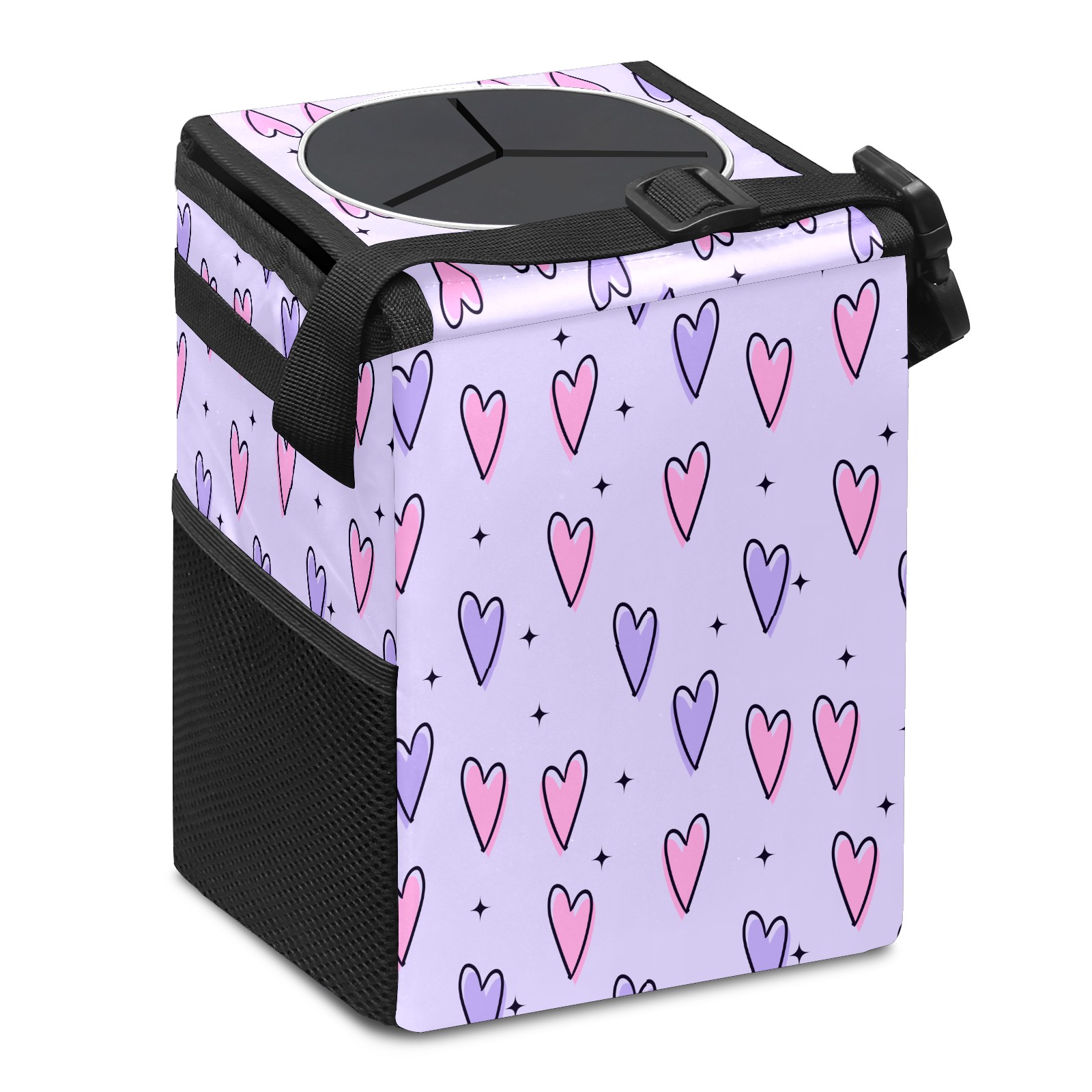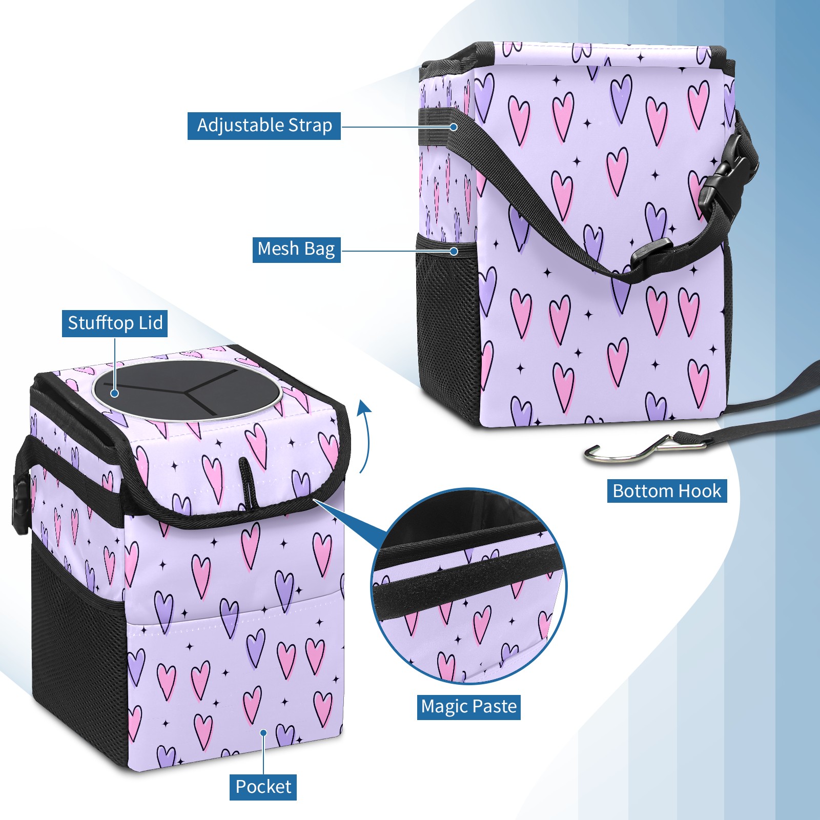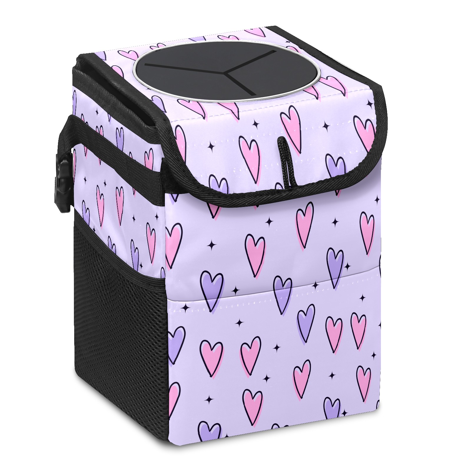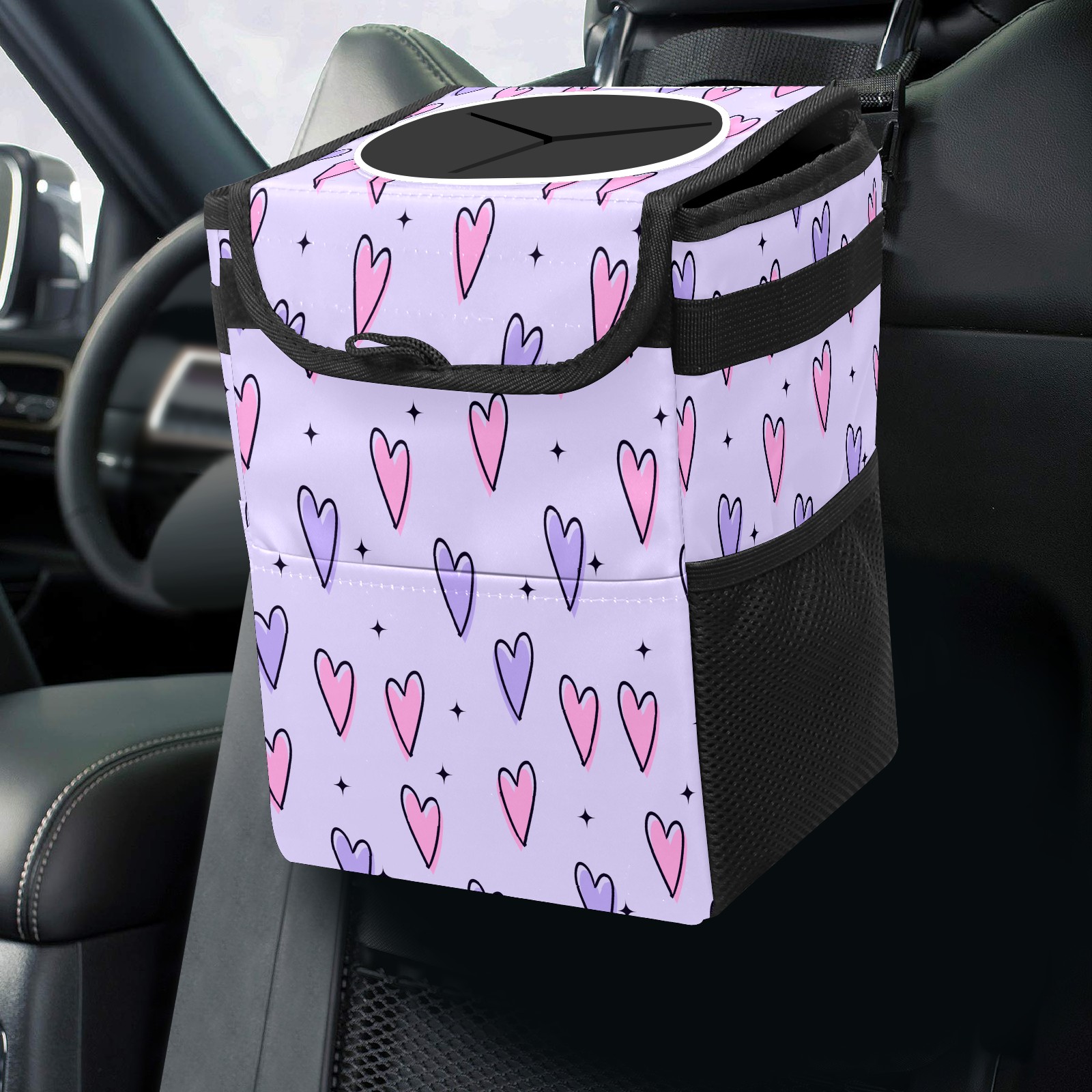 Car Trash Bin with Lid Auto Garbage Bag Hanging for Back Seat - Leakproof Trash Can for Cars SUVs Trucks Vehicle Car Accessories (Pink Purple Love Heart StarsPurple Background)
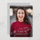 A full-bleed single photo graduation announcement with faux silver foil script. The name, year and school name are all editable.
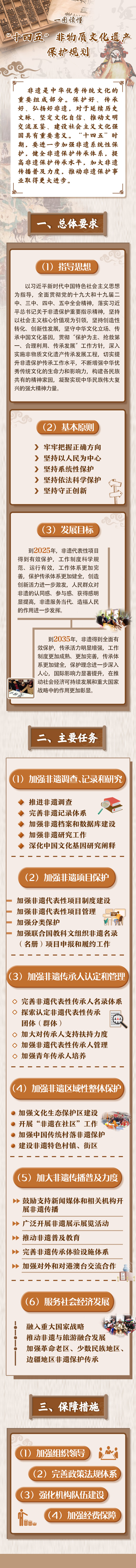 《规划》从加强组织领导、完善政策法规体系、强化机构队伍建设、加强经费保障4个方面保障各项措施的落实,推动形成有利于非遗保护传承的体制机制和社会环境。

What is being asked: Transcribe the whole listing, character for character, but not its images.

Reply:
 Car Trash Bin with Lid Auto Garbage Bag Hanging for Back Seat - Leakproof Trash Can for Cars SUVs Trucks Vehicle Car Accessories (Pink Purple Love Heart StarsPurple Background)
 A full-bleed single photo graduation announcement with faux silver foil script. The name, year and school name are all editable.
 《规划》从加强组织领导、完善政策法规体系、强化机构队伍建设、加强经费保障4个方面保障各项措施的落实,推动形成有利于非遗保护传承的体制机制和社会环境。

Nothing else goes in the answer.